* _Provided data_:
-*-*-

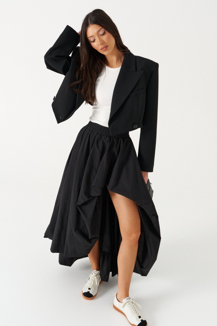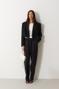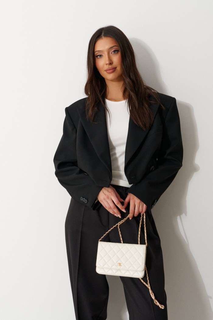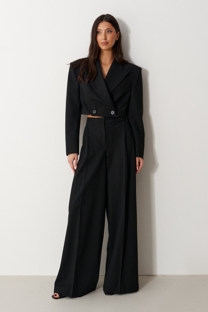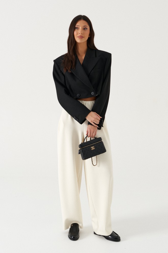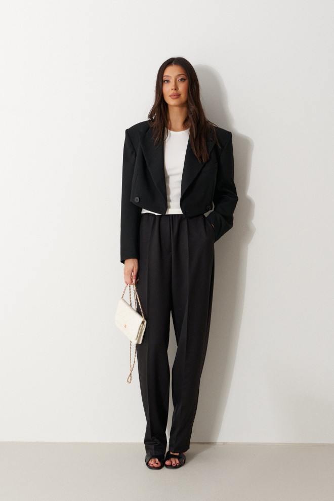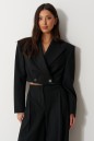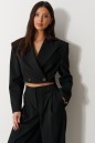 Жакет укороченный прямого кроя выполнен из текстильного полотна черного цвета. Характеристики: прямой крой, подкладка, воротник с остроугольным лацканом, подплечики, застежка на петли, пуговицы, втачной рукав, три пуговицы на манжете. Длина рукава 61см, длина изделия 39см.
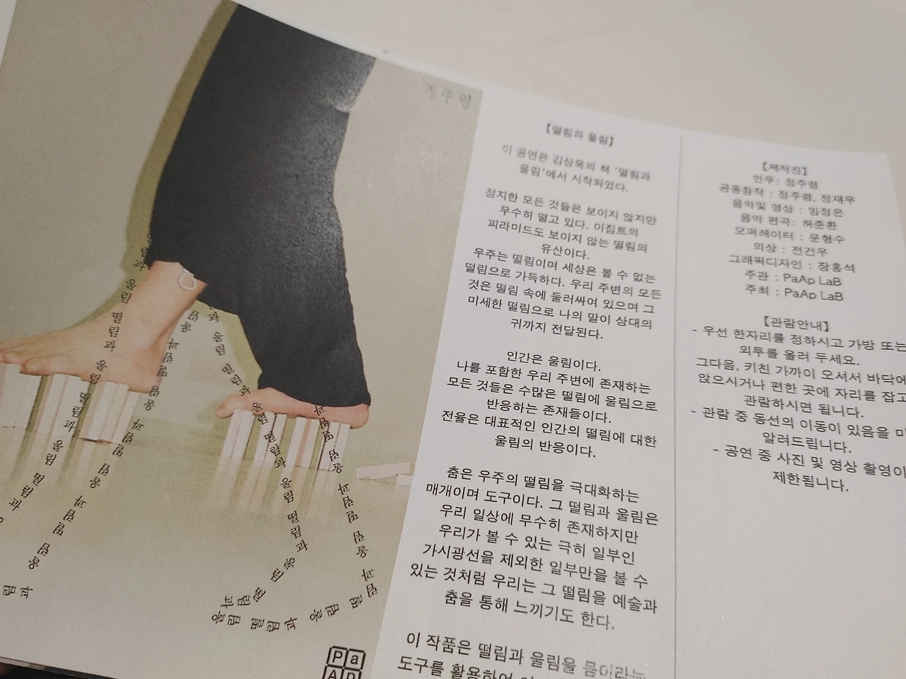떨림과 울림을 운 좋게 보게 되었고,
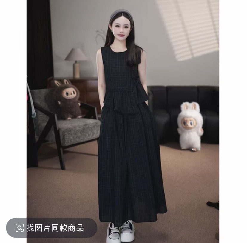 xiaoxiao2026 여름 새로운 레트로 체크무늬 프릴 민소매 맨위 반신 스커트 투피스 세트

-*-*-

For your answer, write out the data exactly and drop every picture.

 Жакет укороченный прямого кроя выполнен из текстильного полотна черного цвета. Характеристики: прямой крой, подкладка, воротник с остроугольным лацканом, подплечики, застежка на петли, пуговицы, втачной рукав, три пуговицы на манжете. Длина рукава 61см, длина изделия 39см.
떨림과 울림을 운 좋게 보게 되었고,
 xiaoxiao2026 여름 새로운 레트로 체크무늬 프릴 민소매 맨위 반신 스커트 투피스 세트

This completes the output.